Mean ± SEM active lever presses during Extinction sessions 1–10 for (A) EC, IC, and SC, rats and (B) EC, IC, and SC rats following Trichostatin A (TsA; 0.3 mg/kg, i.v.) or Vehicle (10% DMSO in saline) pretreatment. (A) Asterisks (*) indicate that IC rats displayed greater active lever presses than EC rats (all ps < .05). The at symbols (@) indicate that IC rats displayed greater active lever presses than SC rats (all ps < .05), and the pound signs (#) indicate that SC rats exhibited significantly greater active lever presses than EC rats (all ps < .05). (B) There were no significant differences in active lever pressing between TsA-pretreated rats and vehicle-pretreated rats within any of the environmental conditions across the ten extinction sessions.
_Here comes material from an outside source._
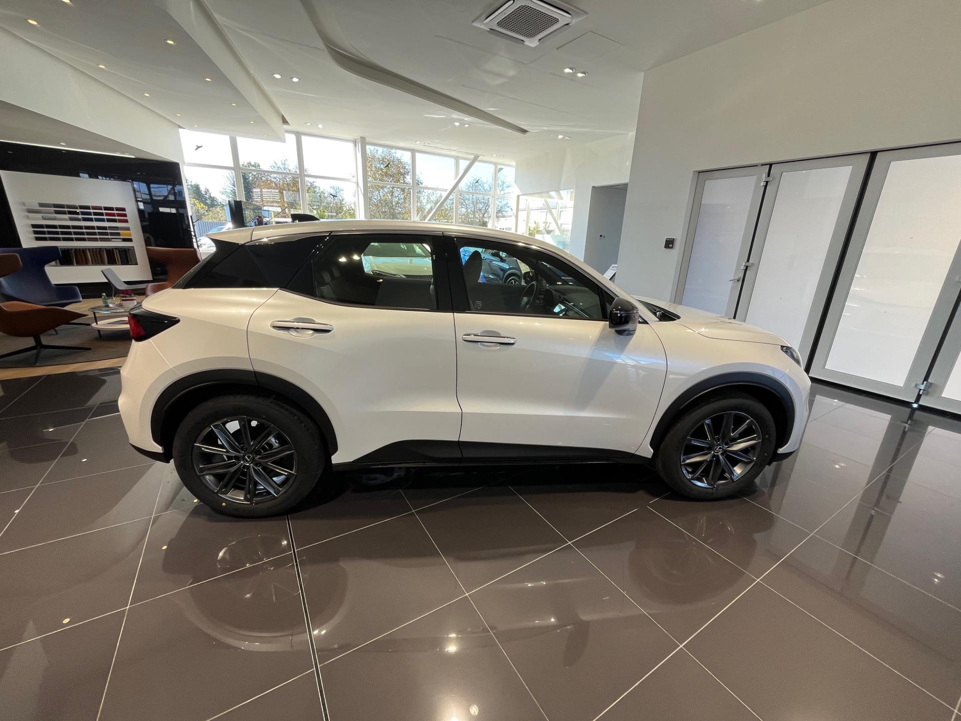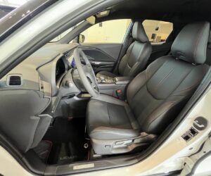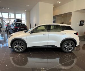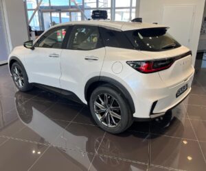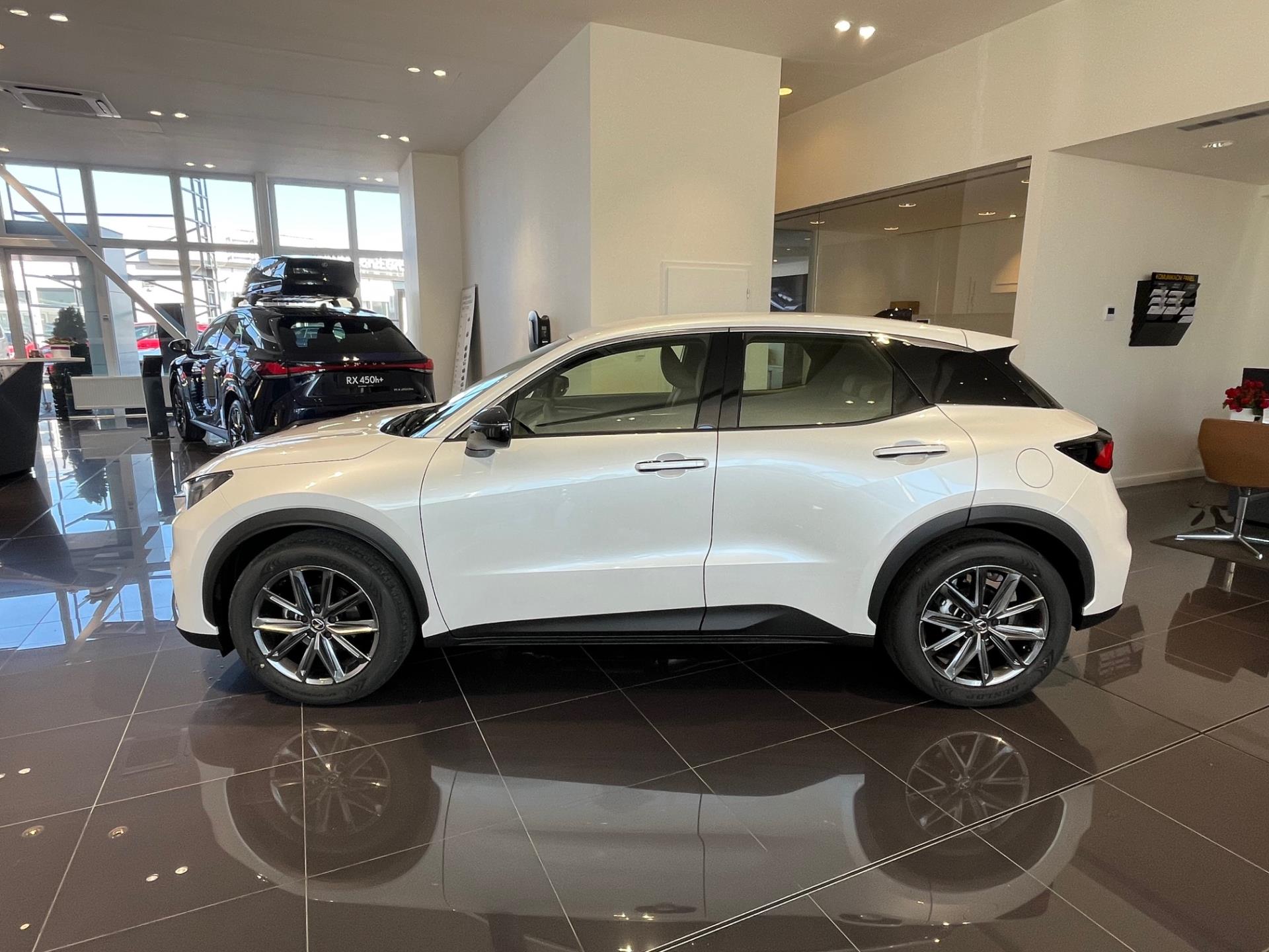 Vozidlo LEXUS LBX ve výbavě Elegant Tech Black, Barva: Bílá sonic (085) , Interiér: Černá (červené prošívání) Perforovaná syntetická kůže Tahara (EA 20)

Abbreviations: DMSO, dimethyl sulfoxide; EC, enriched condition; IC, isolated condition; SC, standard condition; TsA, Trichostatin A

Figure 4.

Mean ± SEM active and inactive lever presses during the cue-induced reinstatement test (A&B) and during the amphetamine-induced reinstatement test (C&D) between EC, IC, and SC rats following Trichostatin A (TsA; 0.3 mg/kg, i.v.) or Vehicle (10% DMSO in saline) pretreatment. (A) Asterisk (*) indicates that IC-TsA rats exhibited significantly fewer active lever presses than IC-vehicle rats (p < .05). Abbreviations: DMSO, dimethyl sulfoxide; EC, enriched condition; IC, isolated condition; SC, standard condition; TsA, Trichostatin A

Figure 5.

Mean ± SEM normalized acetylated histone H3 lysine 9 (acH3K9) expression (arbitrary units) in the (A) nucleus accumbens and (B) dorsal striatum between EC, IC, and SC rats following Trichostatin A (TsA; 0.3 mg/kg, i.v.) or Vehicle (10% DMSO in saline) pretreatment. Tissue was harvested immediately after drug-induced reinstatement for western blot analysis. *p < .05 for EC vs IC and SC vs IC.